The Nanny Scandal Tearing the U.S. and India Apart

The Consulate General of India building, on East 64th Street in New York, pictured on Dec. 13, 2013.

Photo by Stan Honda/AFP/Getty Images

It hasn’t made too much noise here, but there’s a major diplomatic rift developing between the United States and India over the arrest of an Indian diplomat in New York for underpaying her nanny. Senior government officials have refused to meet a visiting U.S. congressional delegation, and security barriers have been removed from outside the U.S. embassy in New Delhi. The government is also reviewing the diplomatic immunity of U.S. officials in the country.

This all started last week when Devyani Khobragade, consul-general for political, economic, commercial, and women’s affairs at the Indian Consulate in New York, was arrested for visa fraud. Khobragade had stated on the visa application for her nanny, an Indian national named Sangeeta Richard, that she would be paid $4,500 per month. But Khobragade allegedly later made Richard sign a second contract reducing her salary to $537 per month, or less than $4 per hour. If convicted, Khobragade faces “a maximum sentence of 10 years.”

According to Indian media accounts, Khobragade was handcuffed on the street while dropping her daughters off at school and strip-searched before being released on bail. The U.S. State Department maintains that proper procedures were followed and that she was not covered under diplomatic immunity because the crimes were not committed in relation to her job. Under some circumstances, consular officials, as opposed to embassy officials, can be arrested for felonies

However, India is pointing to an article in the Vienna Convention on Diplomatic Relations, which states that if such charges are filed against a consular official, they “shall be conducted with the respect due to him by reason of his official position and, except when he is under arrest or detention, in a manner which will hamper the exercise of consular functions as little as possible.”
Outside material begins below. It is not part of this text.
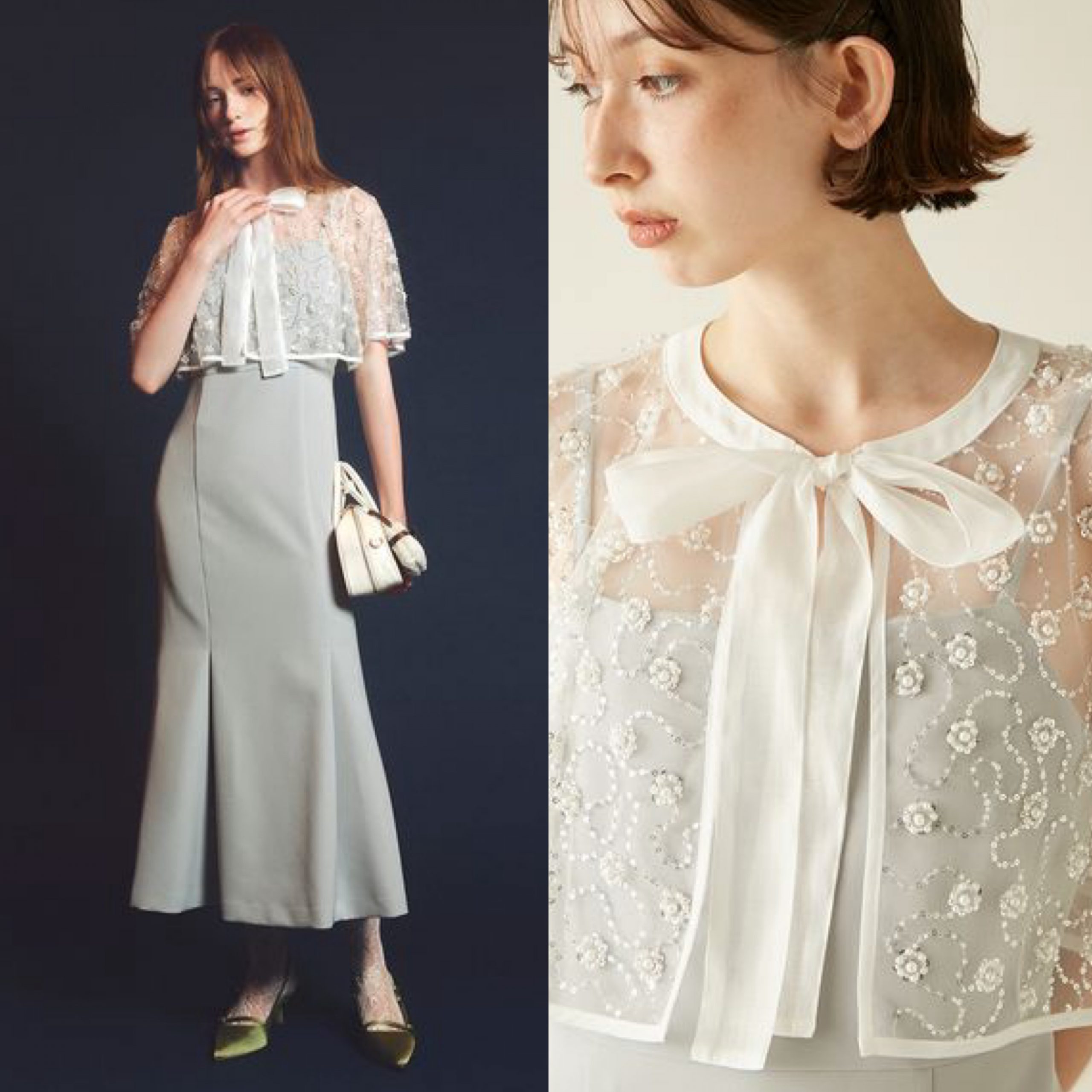 チュールやスパンコールが華やかに散りばめられたボレロがセットになった、マーメイドシルエットのオケージョンドレス。ボレロは前後2WAY可能。 [L.B CANDY STOCK]ビジューボレロドレス/LILY BROWN
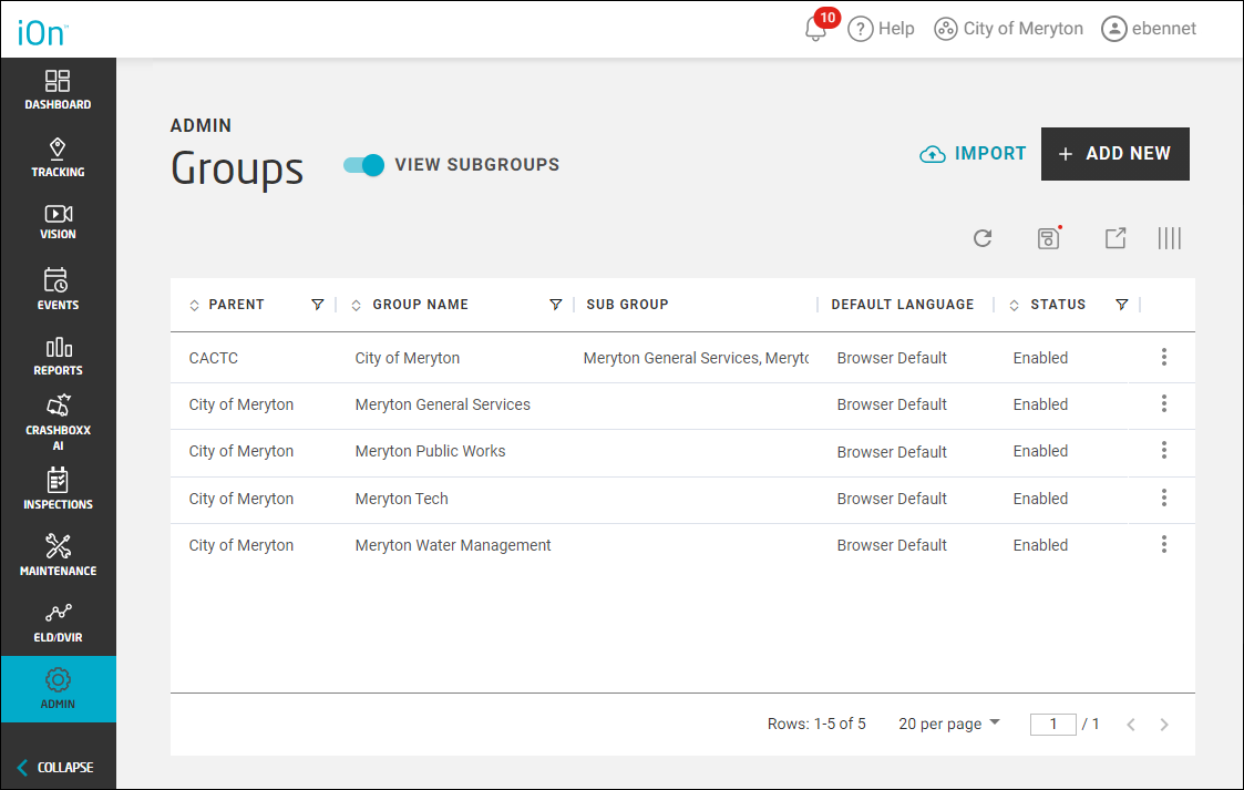 Note: The group needs to have already been created, as the SFTP server configuration can be performed only in the Edit Group dialog box, NOT in the Add Group dialog box. - Scroll down to the group or filter the Group Name column to find it. (See Sorting and Filtering Column Data if needed.)

This isn’t the first case of this type involving Indian officials in New York. As Gwynn Guilford points out, “in 2012, a New York judge directed an Indian diplomat to pay her former domestic worker $1.5 million in damages due to ’barbaric treatment.’ … In 2011, India’s consul general in New York was charged with forced labor of his domestic helper.” Beyond India, the U.S. government has identified dozens of cases of abuse of domestic workers by foreign diplomats, often shielded from prosecution by immunity.
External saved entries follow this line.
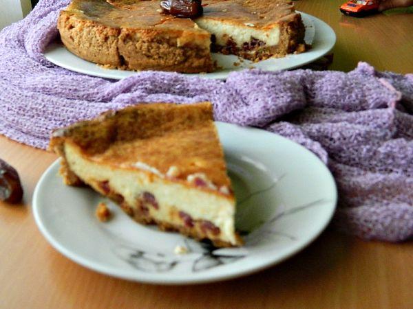 3. Vierte la mezcla anterior sobre la base de galleta, seguidamente añade los dátiles.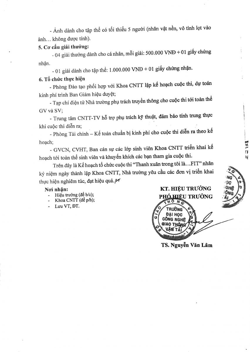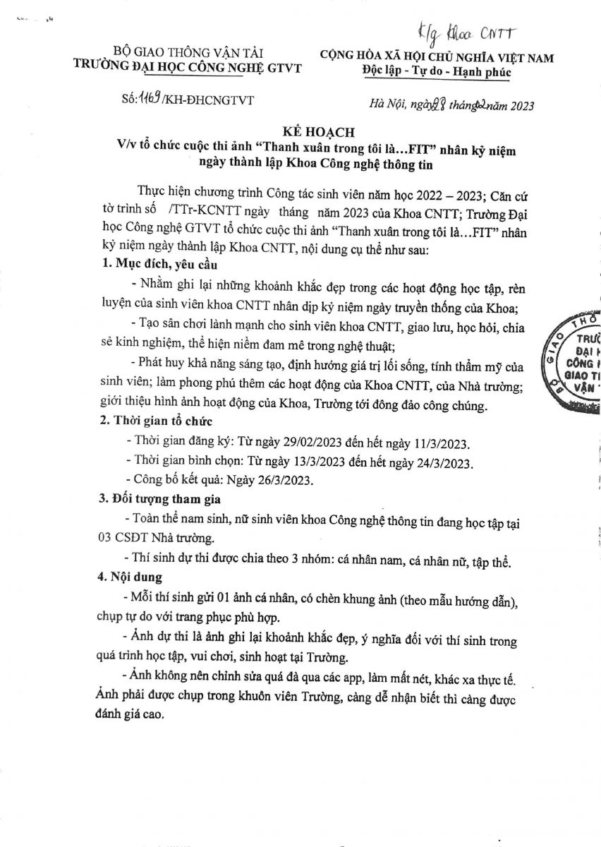 Kế hoạch tổ chức cuộc thi ảnh Thanh xuân trong tôi là...FIT nhân dịp kỷ niệm ngày thành lập Khoa Công nghệ thông tin 03/03/2023 13:03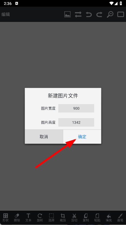 3、確認(rèn)圖片寬度和高度參數(shù)后,點(diǎn)擊確定,創(chuàng)建新的圖片文件。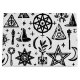 Aqui está um presente temático perverso de volta com uma variedade de símbolos associados a bruxaria e o oculto. Temos pentagramas, vassouras, velas, chapéus de bruxa pontiagudos, pentáculos, luas em crescente, estrelas e muito mais. Estas são todas pretas em branco. Esta é uma bolsa legal se você está dando um presente a uma bruxa ou oculista.

On the other side, India sees this as the latest in a pattern of their diplomats being disrespected in the U.S. As the Guardian recounts, “In 2010 there was uproar after India’s U.N. envoy, Hardeep Puri, was reportedly asked to remove his turban at a US airport and detained in a holding room when he … refused. A hands-on search of India’s US ambassador Meera Shankar at an airport in Mississippi that year also prompted claims that India had been ‘insulted.’ “

There’s obviously some election-year politics going on with both the ruling congress party and insurgent BJP eager to show their willingness to take on the U.S. Leaders of both parties have declined to meet with the visiting U.S. delegation.

It seems obvious that U.S. officials probably could have handled this case better considering the political stakes involved, but given the recent calls in India for legislation to protect domestic workers from abuse and exploitation, it’s striking how quickly the Indian media coverage of this incident seems to have concluded that it was the accuser rather than the diplomat who is at fault here. 
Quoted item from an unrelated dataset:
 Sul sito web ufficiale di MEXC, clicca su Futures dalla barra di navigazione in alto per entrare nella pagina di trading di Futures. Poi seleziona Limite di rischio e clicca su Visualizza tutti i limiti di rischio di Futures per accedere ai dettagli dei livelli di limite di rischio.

Update: The State Department has forwarded the following statement from deputy spokesperson Marie Harf: 

“The United States and India enjoy a broad and deep friendship, and this isolated episode is not indicative of the close and mutually respectful ties we share.”

“We understand that this is a sensitive issue for many in India. Accordingly, we are looking into the intake procedures surrounding this arrest to ensure that all appropriate procedures were followed and every opportunity for courtesy was extended.”

“While this is a law enforcement issue and will need to be worked through standard procedures and official law enforcement channels, we will continue to work this issue with India in the spirit of partnership and cooperation that marks our broad bilateral relationship.”